I was born 25 years ago in Zargabad, Takistan. I was betrothed to my cousin, Omeed, at the age of five. We did not marry until I was 14. He was twelve years my elder, but treated me fairly and provided what small amount we did have. He was passionate as well, toward Allah and his Prophet, but also toward politics. Omeed had fought a hard war many years before we were married and was protected by the divine, for if not he would have surely perished long before I was born. Even after he had lost the war, he went underground to fight his battles, meeting in secret with his brothers in arms. It was a dangerous thing to do, but at the time I took no notice. I had other obligations. Running a small clothing shop out of my house, and on weekends - at the market, was my job. It was a trade I had been taught by my own mother, and often consisted of mending local women's burqas and hijabs. The customers I did have were fiercely loyal and came only to me. It was modest, and kept me busy.

My world completely changed at the age of 17 when my first son, Hamid, was born. His brother, Hashem followed a little over a year later. My life revolved around my children. It does still. Everything I have done, I have done for them. If I am not able to enter into the gardens of Paradise for my actions in this life, perhaps they have been given the opportunity in my stead. As much as Hamid and Hashem meant to me, it still yet paled in comparison to the love I felt toward my youngest. Pashtana was born in 2011, and from her birth, she was mine. Omeed was a good father to all of our children, but he was to groom the boys for their future as men. Pashtana was mine to dress and to pamper. To show off to all of the women in Zargabad. I attended to her at all hours of the day, and she never left my sight. Perhaps I believed she would become a woman that I never could. 

A year later my husband sacrificed everything that was dear to him for his cause. He participated in the raid of a nearby oil field with his former Royalist soldiers, crippling the Socialist Takistani government in power. The Socialist Supreme Bureau was furious, and the lives of the remaining Royalists and their families were in more danger then ever.

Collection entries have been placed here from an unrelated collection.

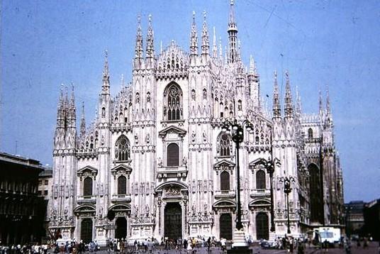 意大利米兰大教堂是欧洲中世纪最大的教堂,可供4万人举行宗教活动。它始建于公元1386年,到公元1485年才完成。这座教堂全由白色大理石筑成,大厅宽达59米,长130米,中间拱顶最高45米。教堂的特点在它的外形。尖拱、壁柱、花窗棂,有135个尖塔,像浓密的塔林刺向天空,并且在每个塔尖上有神的雕像。教堂的外部总共有2000多个雕像,甚为奇特。如果连内部雕像总共有6000多个雕像,是世界上雕像最多的哥特式教堂。因此教堂建筑格外显得华丽热闹,具有世俗气氛。这个教堂有一个高达107米的尖塔,出于公元15世纪意大利建筑巨匠伯鲁诺列斯基之手。塔顶上有圣母玛利亚雕像,金色,在阳光下显得光辉夺目,神奇而又壮丽。
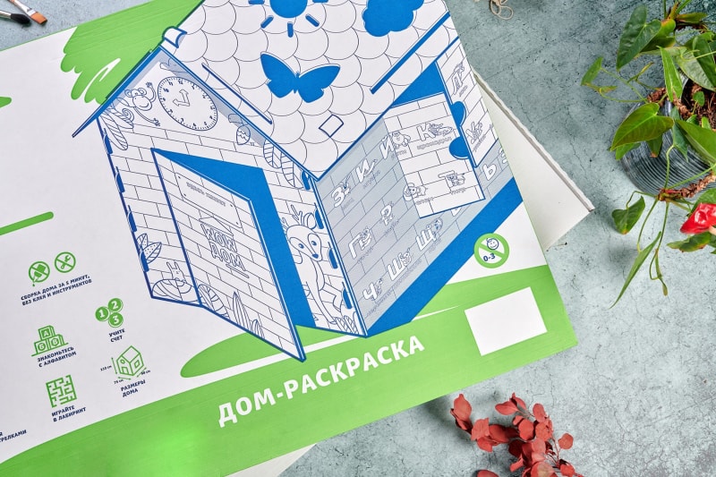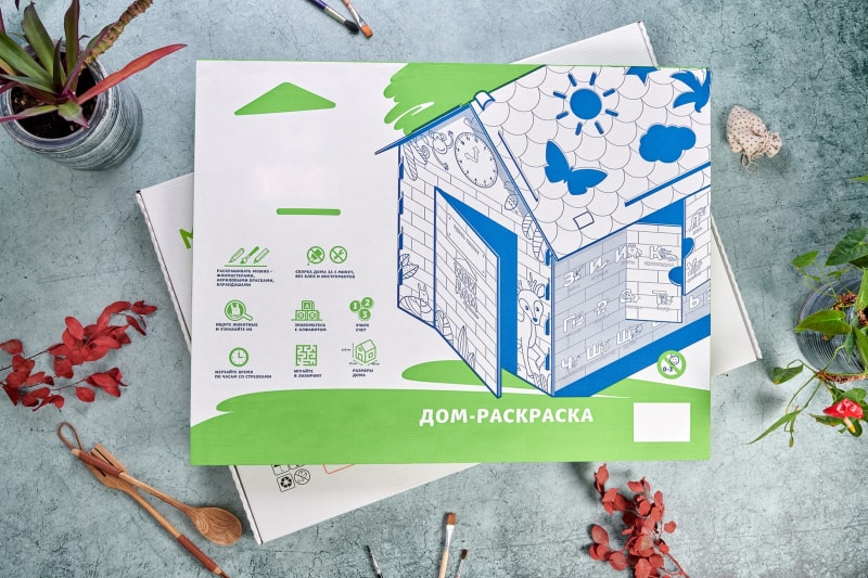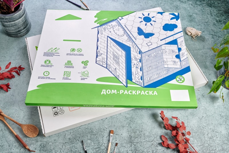 Очень популярной упаковкой среди наших заказчиков смело можно считать - коробку под детские картонные домики и домики-раскраски. У нас они всегда получаются очень красочные, надежные и максимально практичные.
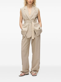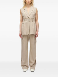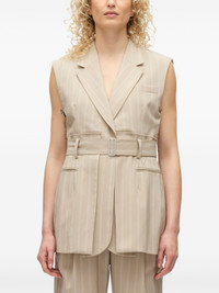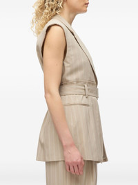 striped waistcoat Highlights - Brown - Vertical stripe pattern - Belted waist - Sleeveless Imported Composition Viscose 77%, Wool 23%
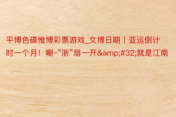 平博色碟惟博彩票游戏_文博日期丨亚运倒计时一个月!唰~“浙”扇一开 就是江南
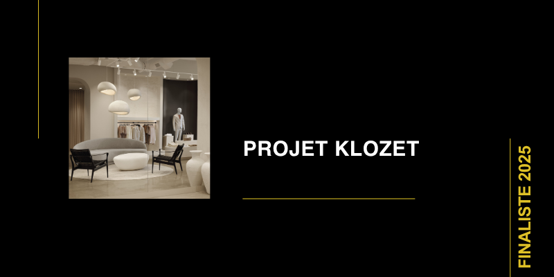 Implantée à Moncton, au Nouveau-Brunswick, la boutique Klozet incarne la volonté de sa fondatrice de transformer un espace commercial conventionnel en une vitrine immersive et raffinée pour sa marque de vêtements haut de gamme. L’aménagement devait composer avec une architecture existante peu flexible — colonnes en béton brut, plafond encombré de conduits et configuration rectangulaire — tout en répondant à un double objectif : magnifier les collections tout en offrant une expérience apaisante et fluide aux client·es. L’espace de 4000 pi² devait aussi inclure une zone discrète de travail pour la fondatrice, dans un projet mené avec un budget limité mais une grande liberté créative. C’est cette vision partagée, fondée sur la confiance et la sensibilité du détail, qui a permis à l’équipe de conception de transformer les contraintes techniques en occasions d’expression architecturale.
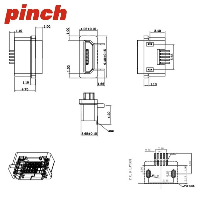 Conector Hembra Micro USB Tipo B de 5 Pines, Resistente al Agua, para Montaje en PCB
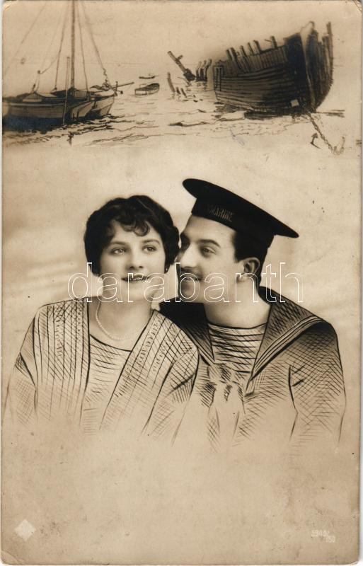 1917 Osztrák-magyar haditengerészet matróza és egy hölgy, montázs, az SM Tb 66F torpedónaszádról küldve / K.u.k. Kriegsmarine Matrose / WWI Austro-Hungarian Navy mariner with a lady, montage. photo (EK)
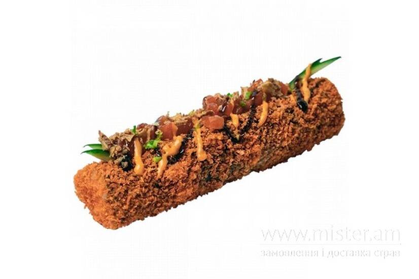 Рис, норі, сир Філадельфія, огірок, лосось, соус Унагі, соус шрирачі-майо, цибуля криспі, цибуля зелена, сухарі панко.

I heard whispers on the streets of the horrors committed against those who had been discovered. I no longer slept at night. I held my children close for fear of being taken in the night. Omeed attempted to dry my tears with no avail. His actions had threatened the lives of our children. The was no redemption for him, but perhaps there was for my children and I.

I slit his throat in the night. By sunrise I had delivered his head to a government building. He did not deserve this death he was given, but my children and I did not deserve to die for his actions. It saddens me, but I will not regret it. Astaghfirullah. I was rewarded for my deed, and it was not long before I married again. My new husband, Abdul-Karim, held a fairly prominent position in the SSB. He was more violent then Omeed had ever been, but we found ourselves nicely situated in Takmyr and the bruises were easily covered by my niqab. I tried to give him children to no avail, but he embraced my own boys.

Takistan was barely being held together. The country was in chaos even before the Plague. My sons were taken from me by Royalists while returning from school and held captive. Their nâpedari and I used everything at our disposal to have them returned, but both were executed within the month. I died that day. There still remains a hole in my heart that is ever-present and can never be healed. As much as I tried, I could not protect the children that I bore. The only thing that keeps me alive today is my daughter.

The world before the Plague was hell, and it remains hell. When we heard about the strange sickness in Chernarus, we took little heed. Why should I care about the issues in another country when my own sons were killed in this one? When we fight to maintain stability in our own? It came suddenly. When I looked out my window to see people devouring others, I cannot deny a grim satisfaction. The people of this country had been fighting, killing all of my life. What difference what this now? These people had been infected long, long ago. The Plague had only brought their hate and their violence that consumed them to the surface. I did as I always had, and protected my daughter. Abdul-Karim's connections with the SSB kept us safe for a time. Other officials and ourselves were kept under military protection, allowing us to survive the initial outbreak, and evacuate Takmyr to a safer area. Months passed, radio connections were lost, others began to give up hope. Still semi-organized it was decided that parties should be sent to investigate the state of nearby countries and to perhaps regain lost communications.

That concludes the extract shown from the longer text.